### WHAT TO WORK ON
An exact transcript of all the records is the expected answer.

### AVAILABLE RECORDS
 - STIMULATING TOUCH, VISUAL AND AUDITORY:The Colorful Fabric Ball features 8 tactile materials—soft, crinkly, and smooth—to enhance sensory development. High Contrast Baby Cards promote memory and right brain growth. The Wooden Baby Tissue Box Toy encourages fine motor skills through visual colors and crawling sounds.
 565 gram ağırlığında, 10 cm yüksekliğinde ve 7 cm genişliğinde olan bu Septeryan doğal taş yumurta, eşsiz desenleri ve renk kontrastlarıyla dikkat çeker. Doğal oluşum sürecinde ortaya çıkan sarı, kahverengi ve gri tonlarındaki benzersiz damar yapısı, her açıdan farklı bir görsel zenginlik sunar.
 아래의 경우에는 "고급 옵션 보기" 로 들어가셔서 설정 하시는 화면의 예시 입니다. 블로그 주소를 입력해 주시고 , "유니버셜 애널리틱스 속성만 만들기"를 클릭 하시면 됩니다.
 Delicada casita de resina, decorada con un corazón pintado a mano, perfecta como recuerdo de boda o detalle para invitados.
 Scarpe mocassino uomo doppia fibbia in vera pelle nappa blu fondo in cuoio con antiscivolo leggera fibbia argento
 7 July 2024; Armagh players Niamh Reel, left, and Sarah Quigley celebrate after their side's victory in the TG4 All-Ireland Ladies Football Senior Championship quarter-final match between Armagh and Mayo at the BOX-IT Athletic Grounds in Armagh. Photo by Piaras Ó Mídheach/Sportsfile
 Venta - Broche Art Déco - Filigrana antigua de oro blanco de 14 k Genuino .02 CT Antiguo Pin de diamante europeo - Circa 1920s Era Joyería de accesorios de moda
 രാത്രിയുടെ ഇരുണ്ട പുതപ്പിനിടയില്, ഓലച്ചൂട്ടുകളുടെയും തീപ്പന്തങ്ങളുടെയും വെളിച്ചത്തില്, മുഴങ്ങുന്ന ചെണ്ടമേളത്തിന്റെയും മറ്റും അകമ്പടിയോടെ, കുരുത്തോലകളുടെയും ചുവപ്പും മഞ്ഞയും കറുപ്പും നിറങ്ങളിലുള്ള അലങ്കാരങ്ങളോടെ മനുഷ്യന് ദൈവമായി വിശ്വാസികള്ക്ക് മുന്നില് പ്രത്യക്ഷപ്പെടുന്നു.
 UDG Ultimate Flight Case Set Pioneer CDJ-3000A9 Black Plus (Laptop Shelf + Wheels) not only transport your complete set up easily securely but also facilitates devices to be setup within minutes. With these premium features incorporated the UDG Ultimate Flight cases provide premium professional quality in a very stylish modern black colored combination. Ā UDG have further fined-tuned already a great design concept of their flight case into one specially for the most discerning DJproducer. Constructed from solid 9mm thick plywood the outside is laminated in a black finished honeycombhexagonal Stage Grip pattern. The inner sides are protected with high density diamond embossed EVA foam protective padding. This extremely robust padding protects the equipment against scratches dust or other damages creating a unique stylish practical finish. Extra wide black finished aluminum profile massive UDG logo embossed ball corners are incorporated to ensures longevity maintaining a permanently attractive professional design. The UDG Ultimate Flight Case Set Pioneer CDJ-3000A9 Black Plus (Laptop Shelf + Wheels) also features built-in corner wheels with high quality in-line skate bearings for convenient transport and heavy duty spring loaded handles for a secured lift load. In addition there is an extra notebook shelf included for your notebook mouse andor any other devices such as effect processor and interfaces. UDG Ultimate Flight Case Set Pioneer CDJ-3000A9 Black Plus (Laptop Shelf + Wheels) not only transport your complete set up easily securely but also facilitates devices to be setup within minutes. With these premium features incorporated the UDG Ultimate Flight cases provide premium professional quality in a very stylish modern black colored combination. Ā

### REPLY
 - STIMULATING TOUCH, VISUAL AND AUDITORY:The Colorful Fabric Ball features 8 tactile materials—soft, crinkly, and smooth—to enhance sensory development. High Contrast Baby Cards promote memory and right brain growth. The Wooden Baby Tissue Box Toy encourages fine motor skills through visual colors and crawling sounds.
 565 gram ağırlığında, 10 cm yüksekliğinde ve 7 cm genişliğinde olan bu Septeryan doğal taş yumurta, eşsiz desenleri ve renk kontrastlarıyla dikkat çeker. Doğal oluşum sürecinde ortaya çıkan sarı, kahverengi ve gri tonlarındaki benzersiz damar yapısı, her açıdan farklı bir görsel zenginlik sunar.
 아래의 경우에는 "고급 옵션 보기" 로 들어가셔서 설정 하시는 화면의 예시 입니다. 블로그 주소를 입력해 주시고 , "유니버셜 애널리틱스 속성만 만들기"를 클릭 하시면 됩니다.
 Delicada casita de resina, decorada con un corazón pintado a mano, perfecta como recuerdo de boda o detalle para invitados.
 Scarpe mocassino uomo doppia fibbia in vera pelle nappa blu fondo in cuoio con antiscivolo leggera fibbia argento
 7 July 2024; Armagh players Niamh Reel, left, and Sarah Quigley celebrate after their side's victory in the TG4 All-Ireland Ladies Football Senior Championship quarter-final match between Armagh and Mayo at the BOX-IT Athletic Grounds in Armagh. Photo by Piaras Ó Mídheach/Sportsfile
 Venta - Broche Art Déco - Filigrana antigua de oro blanco de 14 k Genuino .02 CT Antiguo Pin de diamante europeo - Circa 1920s Era Joyería de accesorios de moda
 രാത്രിയുടെ ഇരുണ്ട പുതപ്പിനിടയില്, ഓലച്ചൂട്ടുകളുടെയും തീപ്പന്തങ്ങളുടെയും വെളിച്ചത്തില്, മുഴങ്ങുന്ന ചെണ്ടമേളത്തിന്റെയും മറ്റും അകമ്പടിയോടെ, കുരുത്തോലകളുടെയും ചുവപ്പും മഞ്ഞയും കറുപ്പും നിറങ്ങളിലുള്ള അലങ്കാരങ്ങളോടെ മനുഷ്യന് ദൈവമായി വിശ്വാസികള്ക്ക് മുന്നില് പ്രത്യക്ഷപ്പെടുന്നു.
 UDG Ultimate Flight Case Set Pioneer CDJ-3000A9 Black Plus (Laptop Shelf + Wheels) not only transport your complete set up easily securely but also facilitates devices to be setup within minutes. With these premium features incorporated the UDG Ultimate Flight cases provide premium professional quality in a very stylish modern black colored combination. Ā UDG have further fined-tuned already a great design concept of their flight case into one specially for the most discerning DJproducer. Constructed from solid 9mm thick plywood the outside is laminated in a black finished honeycombhexagonal Stage Grip pattern. The inner sides are protected with high density diamond embossed EVA foam protective padding. This extremely robust padding protects the equipment against scratches dust or other damages creating a unique stylish practical finish. Extra wide black finished aluminum profile massive UDG logo embossed ball corners are incorporated to ensures longevity maintaining a permanently attractive professional design. The UDG Ultimate Flight Case Set Pioneer CDJ-3000A9 Black Plus (Laptop Shelf + Wheels) also features built-in corner wheels with high quality in-line skate bearings for convenient transport and heavy duty spring loaded handles for a secured lift load. In addition there is an extra notebook shelf included for your notebook mouse andor any other devices such as effect processor and interfaces. UDG Ultimate Flight Case Set Pioneer CDJ-3000A9 Black Plus (Laptop Shelf + Wheels) not only transport your complete set up easily securely but also facilitates devices to be setup within minutes. With these premium features incorporated the UDG Ultimate Flight cases provide premium professional quality in a very stylish modern black colored combination. Ā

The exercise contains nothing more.